Try it |
Range to repeat from the listing below: the line containing "9月27日下午,极狐T1武汉" down to the line containing "3月27日下午,现代信息技术", both included. Copy it exactly, pictures excluded, and add nothing else.

Information shown |
--

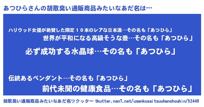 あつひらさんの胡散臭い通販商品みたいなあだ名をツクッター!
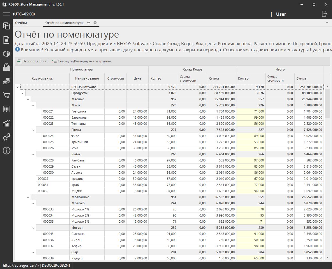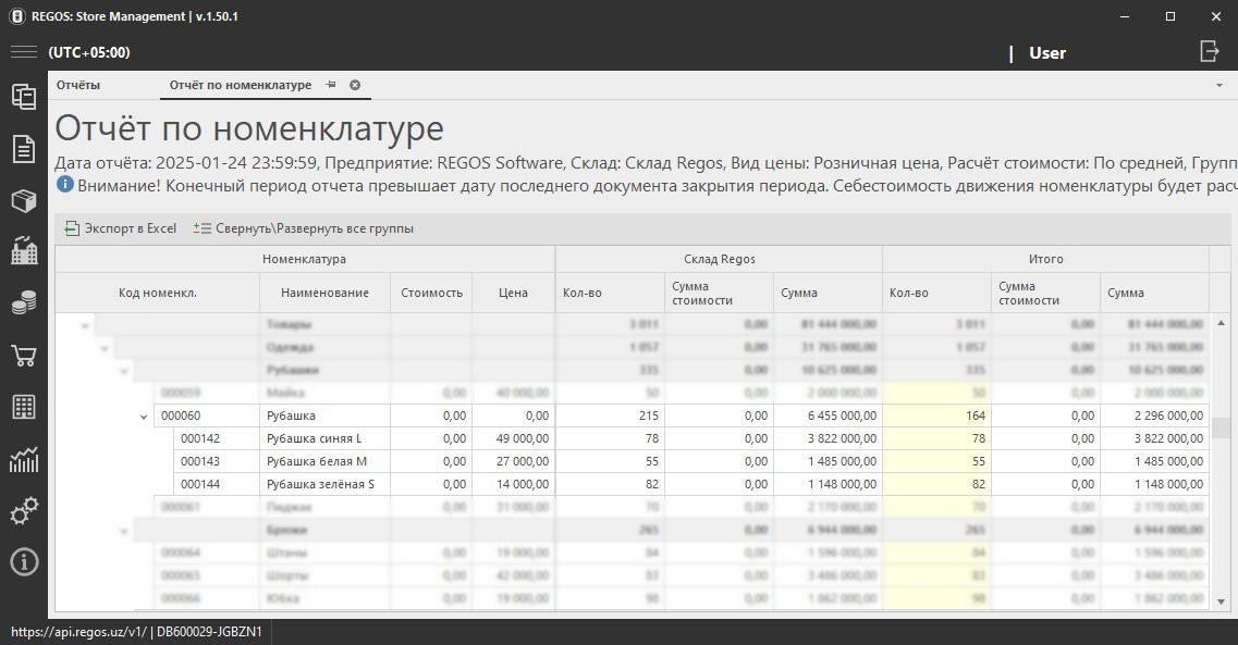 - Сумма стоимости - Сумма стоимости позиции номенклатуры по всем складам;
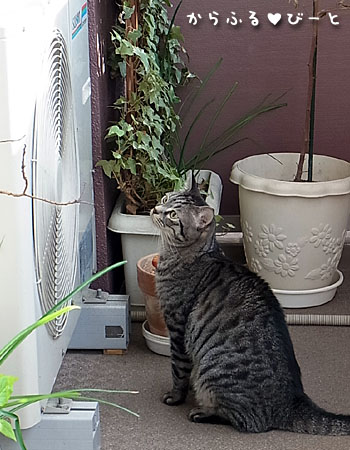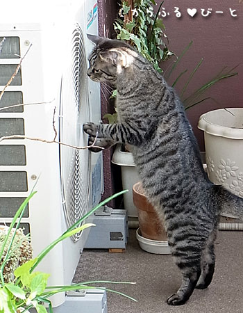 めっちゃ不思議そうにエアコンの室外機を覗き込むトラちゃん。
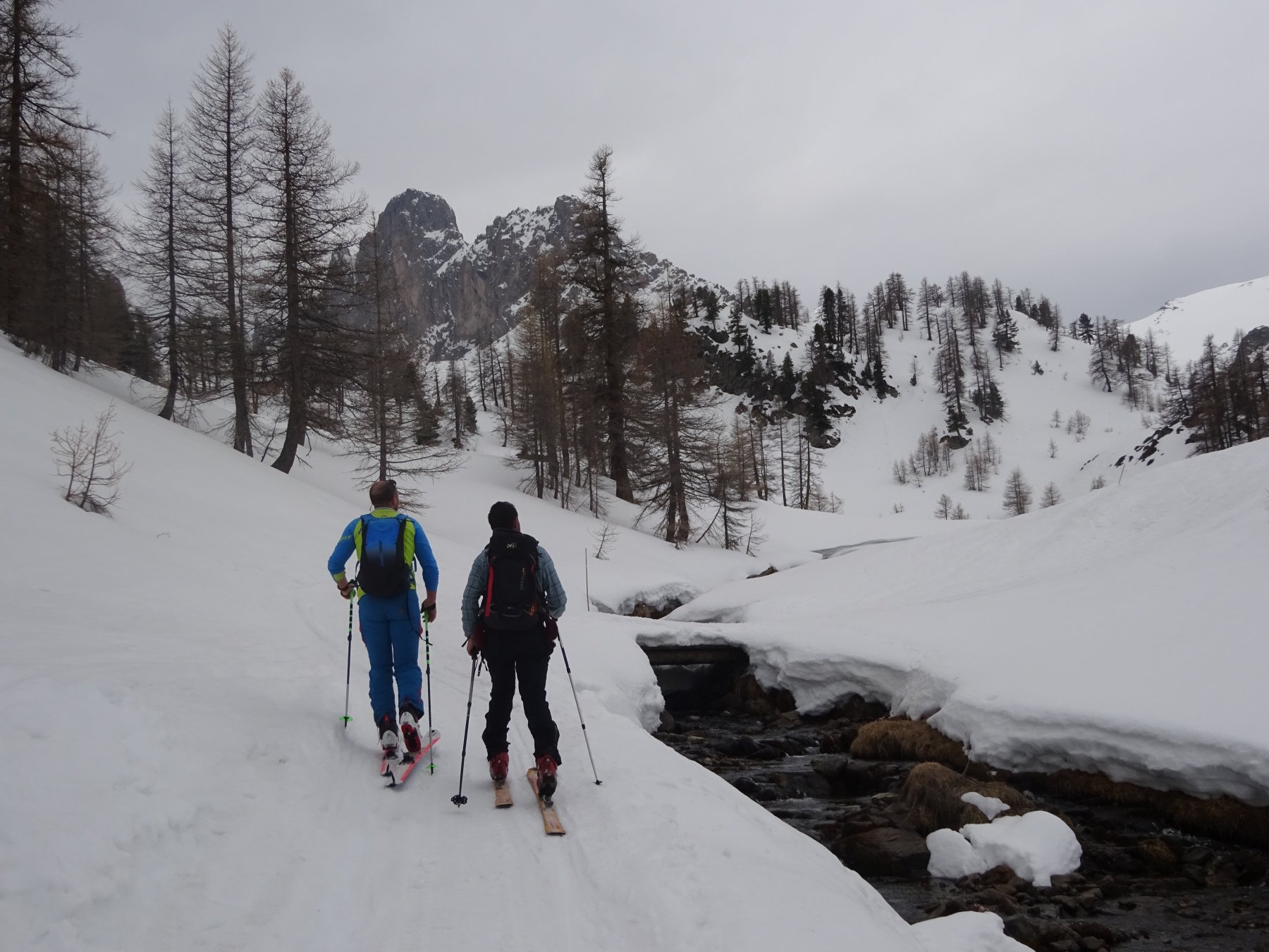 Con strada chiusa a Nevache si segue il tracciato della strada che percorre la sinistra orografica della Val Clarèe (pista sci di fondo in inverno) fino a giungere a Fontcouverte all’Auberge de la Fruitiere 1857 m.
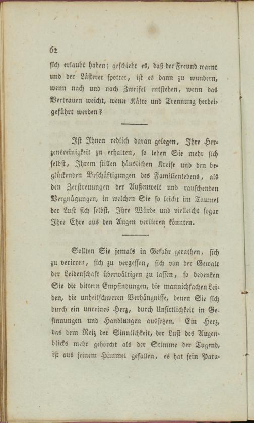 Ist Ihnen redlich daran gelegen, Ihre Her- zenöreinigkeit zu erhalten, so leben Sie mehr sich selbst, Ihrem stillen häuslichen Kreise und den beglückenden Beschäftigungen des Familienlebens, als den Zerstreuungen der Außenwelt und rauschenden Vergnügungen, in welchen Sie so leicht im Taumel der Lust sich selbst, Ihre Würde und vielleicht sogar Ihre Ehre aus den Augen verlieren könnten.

--

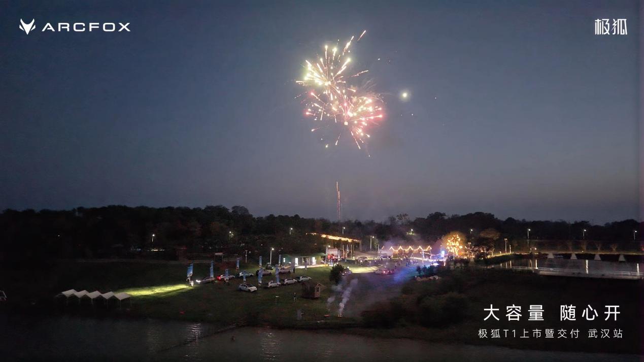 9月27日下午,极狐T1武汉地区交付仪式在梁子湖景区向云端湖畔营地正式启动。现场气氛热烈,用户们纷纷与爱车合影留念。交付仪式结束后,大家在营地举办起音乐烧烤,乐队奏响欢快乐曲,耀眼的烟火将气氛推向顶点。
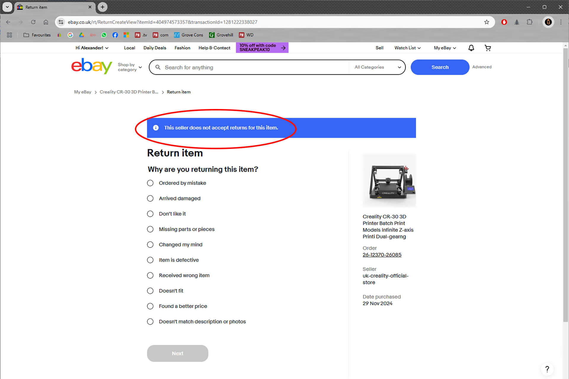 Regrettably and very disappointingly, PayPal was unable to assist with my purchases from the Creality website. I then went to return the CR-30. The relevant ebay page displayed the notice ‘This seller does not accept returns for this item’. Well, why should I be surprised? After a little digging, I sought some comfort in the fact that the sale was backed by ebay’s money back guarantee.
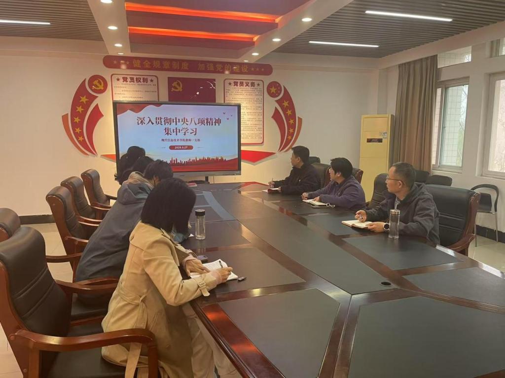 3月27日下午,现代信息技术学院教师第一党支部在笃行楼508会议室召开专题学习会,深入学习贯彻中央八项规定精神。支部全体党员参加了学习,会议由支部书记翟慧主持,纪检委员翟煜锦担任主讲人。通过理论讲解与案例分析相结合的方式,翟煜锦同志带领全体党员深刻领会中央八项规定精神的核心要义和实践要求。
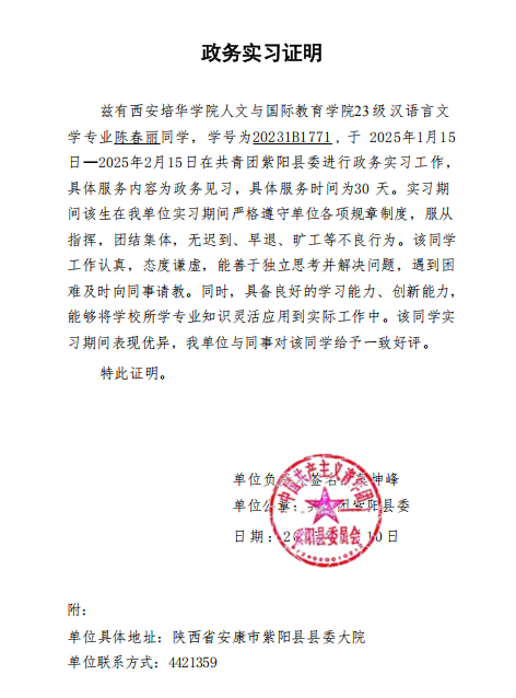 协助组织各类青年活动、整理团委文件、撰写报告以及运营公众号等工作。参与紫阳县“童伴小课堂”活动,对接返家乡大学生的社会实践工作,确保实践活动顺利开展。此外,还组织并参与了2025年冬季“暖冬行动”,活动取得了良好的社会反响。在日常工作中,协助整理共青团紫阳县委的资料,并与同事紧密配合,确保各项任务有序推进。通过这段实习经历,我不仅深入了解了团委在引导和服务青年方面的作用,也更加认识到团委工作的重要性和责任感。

--

Solution to the exercise |
 9月27日下午,极狐T1武汉地区交付仪式在梁子湖景区向云端湖畔营地正式启动。现场气氛热烈,用户们纷纷与爱车合影留念。交付仪式结束后,大家在营地举办起音乐烧烤,乐队奏响欢快乐曲,耀眼的烟火将气氛推向顶点。
 Regrettably and very disappointingly, PayPal was unable to assist with my purchases from the Creality website. I then went to return the CR-30. The relevant ebay page displayed the notice ‘This seller does not accept returns for this item’. Well, why should I be surprised? After a little digging, I sought some comfort in the fact that the sale was backed by ebay’s money back guarantee.
 3月27日下午,现代信息技术学院教师第一党支部在笃行楼508会议室召开专题学习会,深入学习贯彻中央八项规定精神。支部全体党员参加了学习,会议由支部书记翟慧主持,纪检委员翟煜锦担任主讲人。通过理论讲解与案例分析相结合的方式,翟煜锦同志带领全体党员深刻领会中央八项规定精神的核心要义和实践要求。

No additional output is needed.